▸ Recorded data
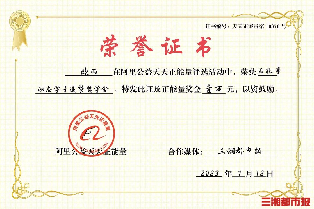 7月12日,三湘都市报联合阿里公益天天正能量为欧雨颁发10000元“正能量励志学子追梦奖学金”,助她逆风飞翔。
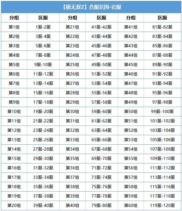 亲爱的将军: 感谢将军对《极无双2》的支持,为了确保良好的游戏环境,为将军提供更好的游戏体验,游戏计划将于12月30日对部分区服进行合服操作,合服维护的具体时间还请将军关注后续相关公告。 【合服规则说明】 1.「登录入口」 合服后,服务器入口不变,将军仍需通过选择原角色所在服方可登入自己的角色。 例如:A服与B服合并,将军在A、B两服均有一个角色,以前属于A服的角色,仍需要从A服入口进入;以前属于
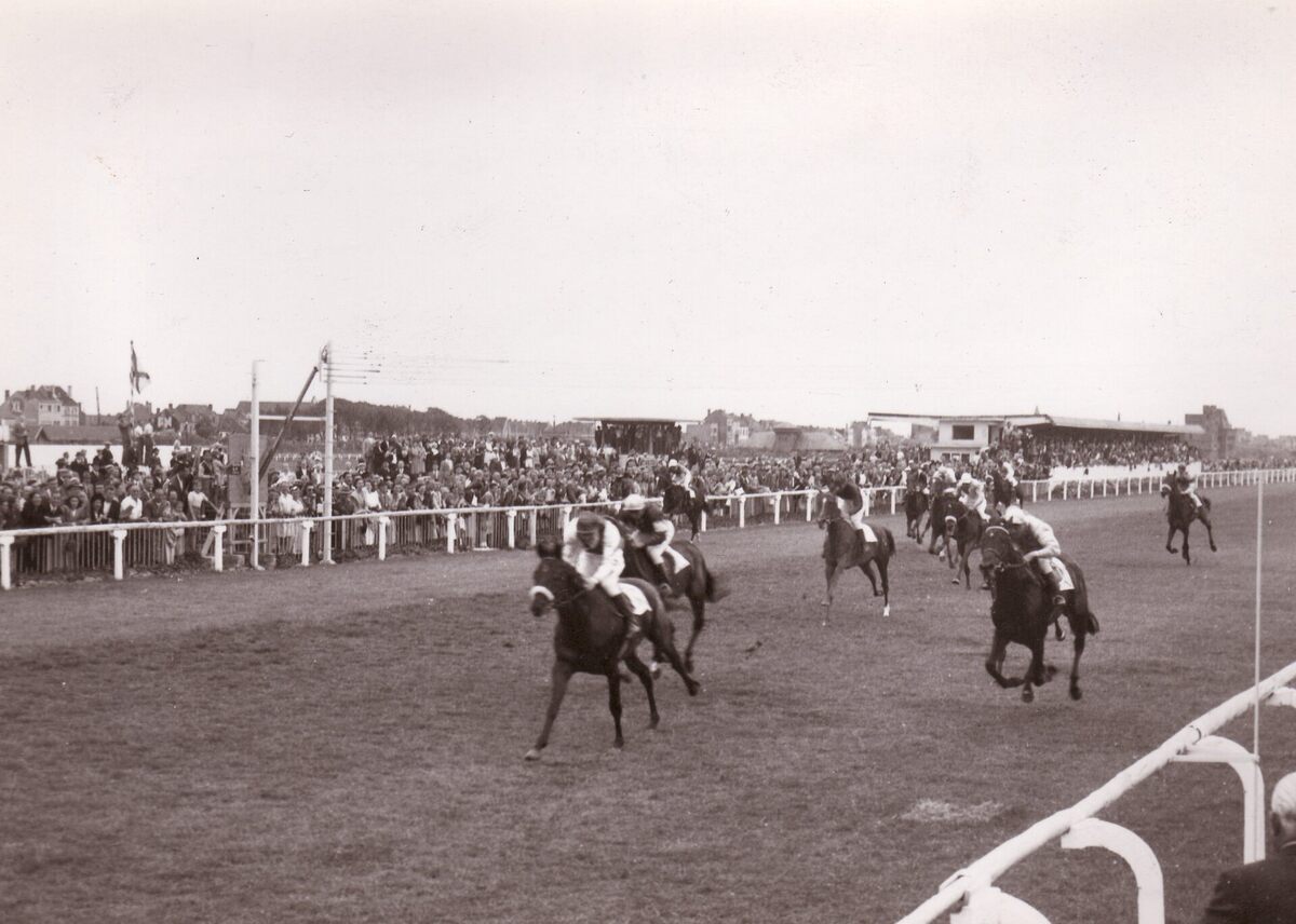 Formaat : 13 x 18 cm. - Aankomst van een wedstrijd op de renbaan.

▸ Exercise instructions
Pictures excluded, quote all the data above exactly.

▸ Result of this task
 7月12日,三湘都市报联合阿里公益天天正能量为欧雨颁发10000元“正能量励志学子追梦奖学金”,助她逆风飞翔。
 亲爱的将军: 感谢将军对《极无双2》的支持,为了确保良好的游戏环境,为将军提供更好的游戏体验,游戏计划将于12月30日对部分区服进行合服操作,合服维护的具体时间还请将军关注后续相关公告。 【合服规则说明】 1.「登录入口」 合服后,服务器入口不变,将军仍需通过选择原角色所在服方可登入自己的角色。 例如:A服与B服合并,将军在A、B两服均有一个角色,以前属于A服的角色,仍需要从A服入口进入;以前属于
 Formaat : 13 x 18 cm. - Aankomst van een wedstrijd op de renbaan.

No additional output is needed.